By clicking “Sign up for GitHub”, you agree to our terms of service and privacy statement. We’ll occasionally send you account related emails.

Already on GitHub? Sign in to your account

[Bug]: Query does not match Get on persistent DB accessed by two processes. #3792

Open
amd-tibbetso opened this issue Feb 13, 2025 · 9 comments
Labels
bug Something isn't working

Comments

@amd-tibbetso
Copy link

What happened?

Description

If two processes try to interact with the same persistent database, any updates from one are observable in the documents themselves (get), but not in the embedding search (query endpoint).

This is similar to #3769, but given that it is not specific to Jupyter I wanted to add separate observations.

To me, this does not seem like a far-reaching use-case as I encountered the bug in the following situation:
(1) Process 1: a GUI hosted on a web browser, ideally permanently running
(2) Process 2: scripts for admins to update the database (CLI was much more efficient for these DB updates).

However, after the second process is run, the changes to the database can be viewed in process 1 using client.get(), but query fails to see any added or removed documents.

Below is a simple working example of the situation.
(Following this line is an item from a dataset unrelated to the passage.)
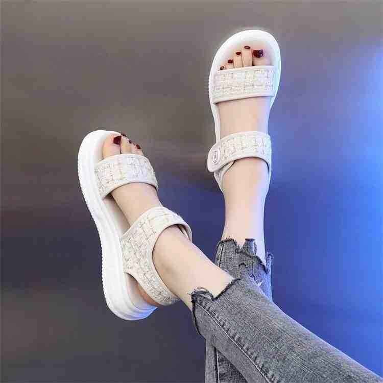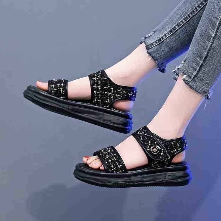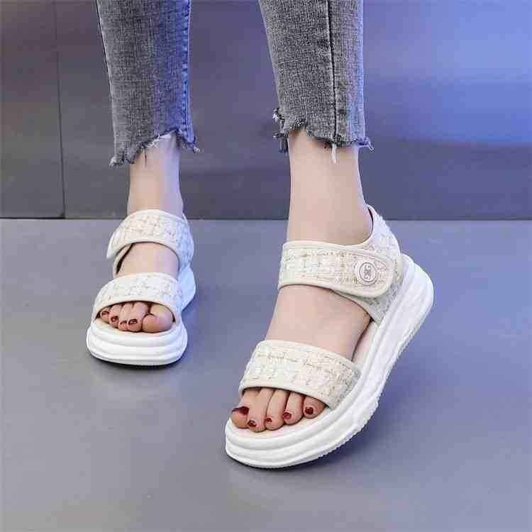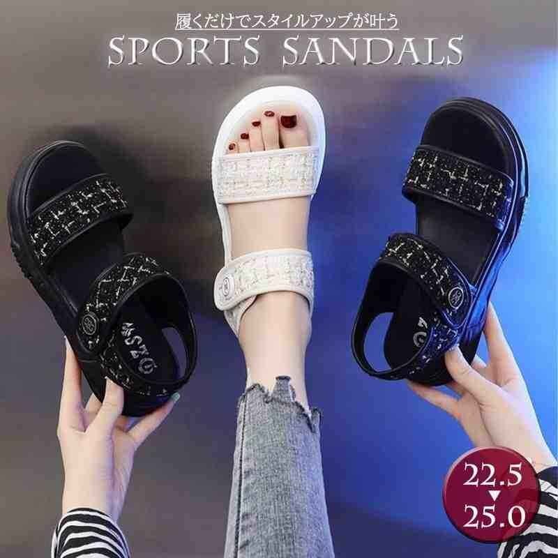 ・ツイード調がフェミニンな厚底スポーツサンダル。

When delving into the code to discover why I could see new documents but could not query them, I also found that clearing the _instances cache would resolve the issue, although I could not pinpoint which instance was causing it. My minimal code also shows the effect of this.

system = SharedSystemClient._identifier_to_system.get(identifier)
if system:
    system._instances.clear()

Minimal Example

# my system had out of date sqlite3
import sys
__import__("pysqlite3")
sys.modules["sqlite3"] = sys.modules.pop("pysqlite3")
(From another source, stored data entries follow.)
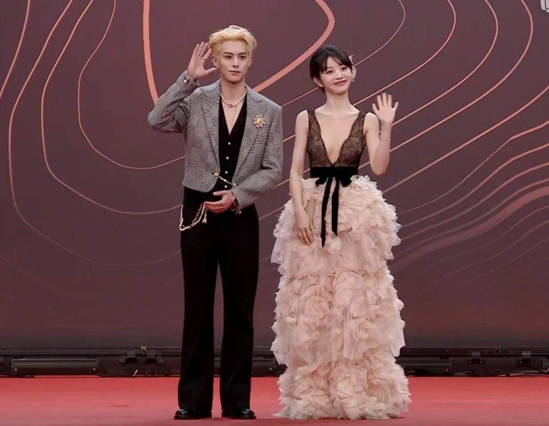95后小花田曦薇在紅毯上一直很敢穿,這次直接挑戰深V到胃部的禮裙,但笑容甜美可愛的她顯然跟裙子的風格不是很搭。染了金發的王鶴棣有點像從漫畫里走出來的美男子,有一種叛逆氣息的帥氣。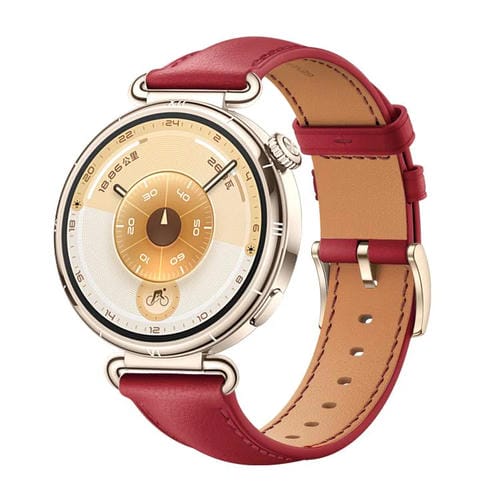Correa de cuero suave con hebilla dorada para Huawei Watch GT 6 de 41 mm (rojo oscuro)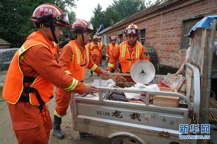 7月23日,淮安市消防救援支隊(duì)隊(duì)員在盱眙縣鮑集鎮(zhèn)新遷村幫助村民轉(zhuǎn)移車(chē)輛。當(dāng)日,受淮河盱眙段水位上漲影響,江蘇省淮安市盱眙縣啟動(dòng)鮑集圩行洪區(qū)萬(wàn)余名群眾撤離轉(zhuǎn)移工作,確保安全度汛。新華社記者韓瑜慶攝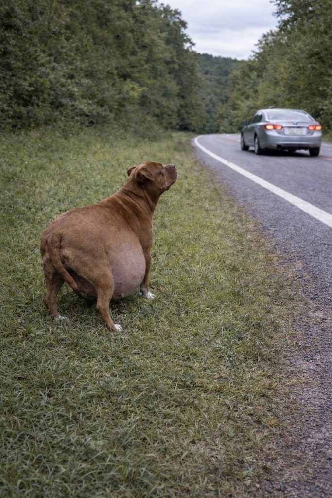 She was easy to overlook, just another quiet presence along the roadside. A stray mother dog, heavily pregnant, moving with slow, careful steps as her swollen belly nearly brushed the ground beneath her. Every movement took effort. Every pause carried uncertainty. She lingered near the edge of the road, watching passing cars with tired eyes, as if one of them might bring an answer—or at least a moment of kindness.

# sorry for having langchain in the example case.
from langchain_chroma import Chroma
from langchain_core.documents import Document
from langchain_community.embeddings import FakeEmbeddings
from pathlib import Path
import time

db_path = "test-db"
collection_name = "docs"


def print_search(message, client: Chroma):
    print('=====================================')
    print(message)
    docs = client.get()
    print(' - GET')
    for uuid, text in zip(docs['ids'], docs['documents']):
        print(f"     - {uuid[0:8]}...:  {text}")
    docs = client.similarity_search("Hello", k=3)
    print(' - SIMILARITY SEARCH')
    for doc in docs:
        print(f"     - {doc.id[0:8]}...:  {doc.page_content}")


def main() -> None:
    import shutil
    import subprocess, sys

    if Path(db_path).exists():
        shutil.rmtree(db_path)

    # Create the first client and add the initial document.
    client1 = Chroma(
        collection_name,
        persist_directory=db_path,
        embedding_function=FakeEmbeddings(size=10)
    )
    doc1 = Document(page_content="Hello world")
    client1.add_documents([doc1])
    
    print_search("# MAIN CLIENT Search 1", client1)
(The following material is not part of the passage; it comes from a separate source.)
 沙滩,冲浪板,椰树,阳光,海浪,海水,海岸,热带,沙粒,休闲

    # Launch the second client in a subprocess.
    proc = subprocess.Popen([sys.executable, __file__, "--child"])

    # Wait until the flag file is created by the second process.
    flag_file = Path(db_path) / "ready.txt"
    while not flag_file.exists():
        time.sleep(0.1)

    # Now that the flag file exists, upload a second document.
    doc2 = Document(page_content="Second hello")
    client1.add_documents([doc2])
   
    print_search("# MAIN CLIENT Search 2", client1)

    # Remove the flag file to signal the second client to continue.
    flag_file.unlink(missing_ok=True)

    # Wait for the second client process to finish.
    proc.wait()

def second_client_task() -> None:
    # Create the second client.
    client2 = Chroma(
        collection_name,
        persist_directory=db_path,
        embedding_function=FakeEmbeddings(size=10)
    )
    # Run the first query.
    print_search("# SUBPROCESS CLIENT Search 1", client2, )

    flag_file = (Path(db_path)/"ready.txt")
    flag_file.write_text('ready for second upload')
    
    while flag_file.exists():
        time.sleep(0.1)

    print_search("# SUBPROCESS CLIENT Search 2", client2, )

    # Create a third client without clearing any underlying caches
    client3 = Chroma(
        collection_name,
        persist_directory=db_path,
        embedding_function=FakeEmbeddings(size=10)
    )

    print_search("# SUBPROCESS NEW CLIENT Search 2", client3, )



    # Clear the built in caches for underlying components
    from chromadb.api.shared_system_client import SharedSystemClient
    identifier = SharedSystemClient._get_identifier_from_settings(
        client3._client_settings
    )
    system = SharedSystemClient._identifier_to_system.get(identifier)
    if system:
        system._instances.clear()

    client4 = Chroma(
        collection_name,
        persist_directory=db_path,
        embedding_function=FakeEmbeddings(size=10)
    )

    print_search("# SUBPROCESS FINAL CLIENT Search 2", client4, )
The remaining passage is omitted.